I finally broke down and counted my stitches on the sunshine yarns sock. I'm getting a solid 10 stitches per inch on size 1 needles, when the approximate gauge was 7-9 stitches on size 0-2. This would explain why I can't even get the silly thing over my foot. Stupid gauge.

I see a trip to frogtown in a certain sock's future...

September 4, 2006

Incidentally, she's also a fine knitter

What to do, what to do?

Do I work on my sunshine yarns socks, the socks that are damn cute but sized for an eight year old?

Clearly, I still haven't learned that doing a gauge swatch is not just for pussies, but is also helpful for anyone that wants to knit a wearable item.


Or do I virtuously use up some stash yarn?


Or do I surrender to this yarn? The yarn I fondled every time I went to Windsor Button for months. The yarn I finally bought when I made the mistake of going to the yarn shop after having drinks with my boss (note to self - never ever do that, ever again).

But oh, this yarn... 600 shiny yards of a rayon/flax blend in the most gorgeous pinks and purples.


The question is, what to knit with it? And could any finished object possibly be as perfect as this yarn is, just sitting there?

Or maybe I should focus on accepting Christ as my personal saviour, as the young man "just doing a quick survey" in Coolidge Corner today suggested?

The poor kid's head almost fell off when I told him I couldn't really get behind the whole concept of sin.

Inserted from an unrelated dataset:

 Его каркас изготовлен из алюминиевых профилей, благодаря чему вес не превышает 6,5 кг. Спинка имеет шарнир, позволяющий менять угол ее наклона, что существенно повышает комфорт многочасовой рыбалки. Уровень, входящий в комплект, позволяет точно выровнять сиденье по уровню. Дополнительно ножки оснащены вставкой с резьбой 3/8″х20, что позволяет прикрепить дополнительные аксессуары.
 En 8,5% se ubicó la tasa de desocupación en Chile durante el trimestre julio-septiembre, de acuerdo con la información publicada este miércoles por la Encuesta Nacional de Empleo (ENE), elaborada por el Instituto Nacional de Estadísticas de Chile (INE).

Though I can totally get behind his cartoons...


Enjoy, sinners.

September 3, 2006

Less than four hours, my ass

The leg warmers proceed. I knit, I purl. I repeat. I feel like the Last Minute Knitted Gifts people have overestimated my knitting speed rather drastically. Or at least my ability to multitask, what with the extended version of Dune on TV, and Sting oiled up in some sort of pointy patent leather g-string thing, and the portentous Brian Eno theme music and all.

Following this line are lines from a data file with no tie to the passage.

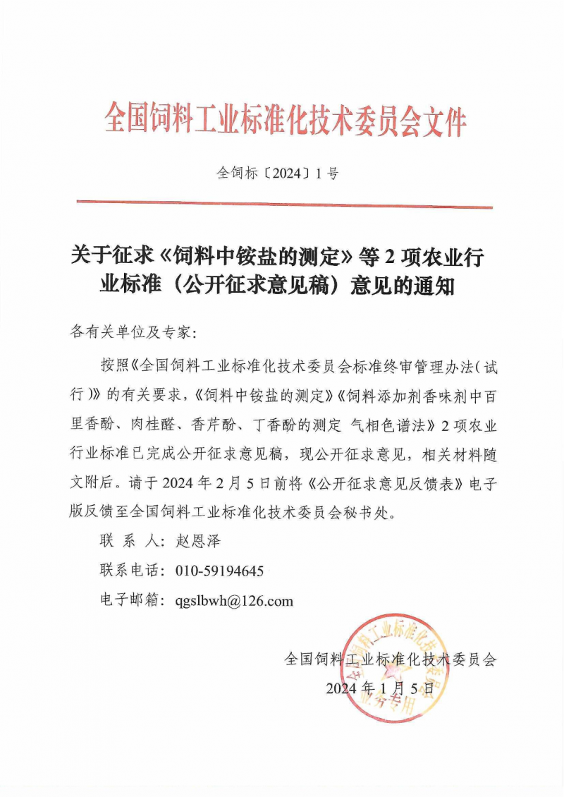 1.關(guān)于征求《飼料中銨鹽的測(cè)定》等2項(xiàng)農(nóng)業(yè)行業(yè)標(biāo)準(zhǔn)(公開(kāi)征求意見(jiàn)稿)意見(jiàn)的通知.pdf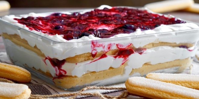 1 EL Zitronensaft 120 g Naturjoghurt 120 g Sahne 120 g Mascarpone 250 g Früchte, gemischte, (auch TK-Früchte möglich, z.B. Himbeeren und Heidelbeeren) 1 EL Zitronensaft 200 g Loffelbiskuits n. B. Minzeblätter zum Verzieren n. B. Zimtpulver oder Kakaopulver zum Verzieren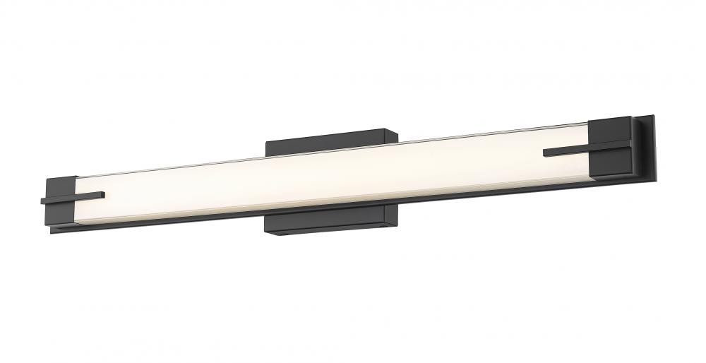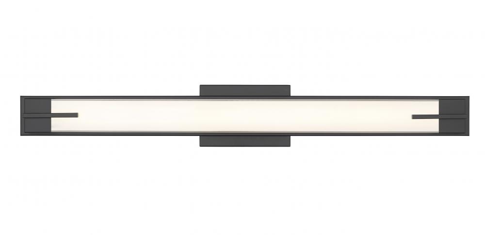 Streamline your bathroom lighting with this contemporary LED vanity fixture with a low, refined profile. In matte black that adds robust style, its a long, rectangular design with bracket details that add the perfect touch of depth on top of a silk white diffuser. Its an energy efficient choice that delivers lovely, even illumination for all your daily needs.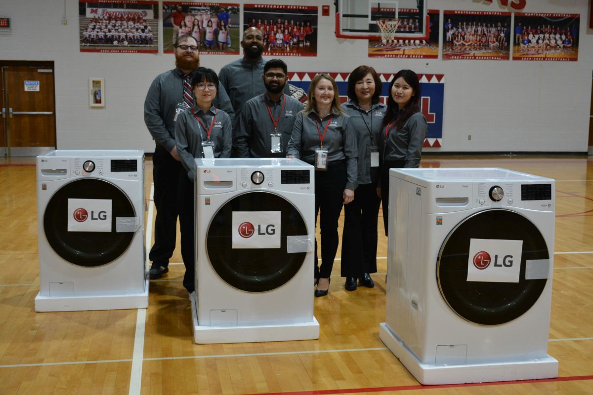 LG Electronics team members at Montgomery Central Middle School for the donation of three washers and three dryers to help the school keep the student’s athletic uniforms clean on Apr. 26, 2024. (Lee Erwin)

I know I'm not the world's fastest knitter and obviously I'm easily distracted, but less than four hours to knit two 26" legwarmers? Please.

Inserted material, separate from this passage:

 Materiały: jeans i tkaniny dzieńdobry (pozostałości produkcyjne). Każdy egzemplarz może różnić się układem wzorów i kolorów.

And do excuse the lack of even my usual minimal photo styling. It's rainy, it's dark, my flash is crap, and I'm fairly sure that legwarmers might only look good on toothpick-thin girls.*


* I know there are some people that think legwarmers don't even look good on toothpick-thin girls, but those people are very, very wrong.

September 2, 2006

Done and Done

My first finished pair of socks!



Pattern/yarn: Yankee Knitter Pattern #29 "Classic Socks for the Family", two skeins Berroco Ultra Alpaca. This pattern is particularly handy because it includes instructions for fingering, DK and bulky weight yarn, sized from infants to men's large. You never really need another basic sock pattern.

Next time I would definitely do more calf decreases. These are going to be on the slouchy side with just 4 stitches decreased. And I would replace the pattern's wonky-looking "knit two together through back loop" decrease with a tidier slip-slip-knit. And I'll try Cat Bordhi's suggestions for avoiding squarish edges on kitchenered toes.

Though ultimately the sagging ankles, misplaced decreases, and goofy-looking K2G TBL's don't matter at all. Imperfect as they are, I just adore them.

And because the entire world revolves around my new socks, the weather is appropriately chilly - raw and grey with the promise of rain. A perfect day for wearing fuzzy socks, communing with my stash and picking out my next project!